Additionally, different systems and modes have been compared for the bioreactor stage. Specifically, studies have compared submerged and solid systems, as well as batch and fed-batch modes [11,13]. An economic analysis was performed to determine the best production process for an enzymatic extract containing amylase, cellulase, and xylanase by using Trichoderma reesei and wheat chaff [13]. It was found that the solid-state process is more effective than the submerged process. In addition, to produce cellulases by using Trichoderma reesei under submerged fermentation, two fermentation modes were evaluated: batch and fed-batch processes [12]. The authors concluded that the fed-batch process increased the process’s profitability. Furthermore, simulation-based TEA was used to incorporate process kinetics and evaluate the most promising scenario in the economic analysis of the production of hydrolases by using Aspergillus awamori through SSF using babassu cake [20]. It was demonstrated that a fermentation time of 96 h was more suitable than 144 h due to increased batch throughput (batches/year). In this work, we used 192 based on previously evaluated process kinetics [5].
Concerning downstream processing, there have been various recommendations proposed to increase the profitability of recovery and purification processes. For instance, in the case of cellulase production through submerged fermentation, researchers evaluated two product presentations, liquid vs powder form, and concluded that the liquid presentation had better economic indices [11]. Additionally, for the recovery process of an enzymatic extract composed of amylase, cellulase, and xylanase produced by Trichoderma reesei, it was recommended to reuse the remaining liquid after separating it from the solid phase (recovered medium from SSF). Evaluating the volume of liquid required to extract the enzymes from the SSF medium after fermentation and its effect on process economics is also recommended [13].
In any case, despite scenario 1 (ECEX) being the most profitable, we also assessed the break-even point for all three scenarios, as illustrated in Figure 6a. The break-even point signifies the estimated economic equilibrium, which represents the processed biowaste needed per batch to generate annual revenues exceeding the operating costs. Figure 6b depicts the annual revenues for scenarios ECEX, ECEP, and ECEC, with annual costs presented exclusively for ECEX due to their similarity across all three scenarios.
It is observed that for scenario 1 (ECEX), annual revenues surpass processing costs when processed biowaste exceeds 2000 kg/batch. Conversely, in scenario 2 (ECEP), within the assessed biowaste range, revenues fail to overcome processing costs. Finally, scenario 3 (ECEC) shows annual revenues exceeding processing costs at around 6000 kg/batch. These findings underscore the necessity to scale up process capacity to achieve profitability.

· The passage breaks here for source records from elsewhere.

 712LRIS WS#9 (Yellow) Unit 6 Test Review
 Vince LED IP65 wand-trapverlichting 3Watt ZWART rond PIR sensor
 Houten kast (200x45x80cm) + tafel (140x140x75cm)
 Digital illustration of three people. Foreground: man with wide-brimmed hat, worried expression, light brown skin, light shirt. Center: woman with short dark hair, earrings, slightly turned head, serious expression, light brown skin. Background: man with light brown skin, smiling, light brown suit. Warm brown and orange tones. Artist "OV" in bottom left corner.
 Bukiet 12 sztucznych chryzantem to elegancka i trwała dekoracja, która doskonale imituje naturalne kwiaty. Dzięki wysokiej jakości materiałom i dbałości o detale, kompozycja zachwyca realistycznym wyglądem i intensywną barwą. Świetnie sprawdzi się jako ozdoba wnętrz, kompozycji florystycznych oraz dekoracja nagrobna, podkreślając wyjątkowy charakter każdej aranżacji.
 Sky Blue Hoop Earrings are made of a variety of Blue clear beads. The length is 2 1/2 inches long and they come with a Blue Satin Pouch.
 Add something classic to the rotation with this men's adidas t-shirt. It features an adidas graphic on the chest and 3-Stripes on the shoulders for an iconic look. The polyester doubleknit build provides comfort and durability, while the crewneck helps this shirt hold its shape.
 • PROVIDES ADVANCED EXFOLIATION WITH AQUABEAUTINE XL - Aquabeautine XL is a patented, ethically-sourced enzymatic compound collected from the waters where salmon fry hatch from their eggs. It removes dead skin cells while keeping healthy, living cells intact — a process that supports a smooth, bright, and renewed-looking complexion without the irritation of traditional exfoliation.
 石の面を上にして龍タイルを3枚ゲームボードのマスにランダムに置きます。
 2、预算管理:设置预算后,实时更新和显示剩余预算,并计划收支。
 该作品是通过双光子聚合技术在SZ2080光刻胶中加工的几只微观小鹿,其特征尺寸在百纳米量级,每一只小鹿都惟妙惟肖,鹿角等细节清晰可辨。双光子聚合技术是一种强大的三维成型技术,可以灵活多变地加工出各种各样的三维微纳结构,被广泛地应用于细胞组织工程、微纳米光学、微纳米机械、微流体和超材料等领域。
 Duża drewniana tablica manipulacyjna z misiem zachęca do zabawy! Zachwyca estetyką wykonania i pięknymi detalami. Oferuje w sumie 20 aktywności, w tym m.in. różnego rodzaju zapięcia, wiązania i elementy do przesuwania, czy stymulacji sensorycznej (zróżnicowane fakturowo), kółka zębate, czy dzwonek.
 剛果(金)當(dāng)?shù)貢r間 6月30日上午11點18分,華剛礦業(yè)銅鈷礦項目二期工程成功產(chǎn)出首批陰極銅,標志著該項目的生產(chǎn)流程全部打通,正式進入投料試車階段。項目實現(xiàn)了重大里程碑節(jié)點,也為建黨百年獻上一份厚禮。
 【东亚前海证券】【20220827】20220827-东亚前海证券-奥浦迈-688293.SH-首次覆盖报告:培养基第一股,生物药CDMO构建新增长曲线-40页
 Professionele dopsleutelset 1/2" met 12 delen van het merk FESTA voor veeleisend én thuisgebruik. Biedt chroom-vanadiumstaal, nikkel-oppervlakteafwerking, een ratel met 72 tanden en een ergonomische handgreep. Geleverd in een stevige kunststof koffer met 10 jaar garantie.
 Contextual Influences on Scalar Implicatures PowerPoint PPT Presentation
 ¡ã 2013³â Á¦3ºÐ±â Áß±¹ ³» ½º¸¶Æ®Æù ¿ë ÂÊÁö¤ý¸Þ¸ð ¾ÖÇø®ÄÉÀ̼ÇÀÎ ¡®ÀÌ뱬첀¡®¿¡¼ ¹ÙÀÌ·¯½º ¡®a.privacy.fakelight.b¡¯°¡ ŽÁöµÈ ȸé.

Figure 6b illustrates the increase in ROI concerning batch size. It is readily apparent that within the assessed range, scenarios 2 and 3 are not cost-effective. This conclusion is drawn from the negative ROI in scenario 2 and the ROI below 10% in scenario 3, which would correspond to a payback time of 10 years. Furthermore, as the processing of biowaste increased across all three scenarios, the capacity of batches per year diminished due to the emergence of new process bottlenecks. Moreover, a surge in capital investment was observed beyond 5000 kg/batch [10]. This increase can be attributed to equipment capacity and associated costs which are closely tied to batch throughput. Notably, equipment costs escalate in correlation with capacity. However, most equipment costs and sizing are constrained by the maximum available industrial capacity. Consequently, above specific batch capacities, the software assumes the inclusion of an additional piece of equipment to achieve the desired batch throughput.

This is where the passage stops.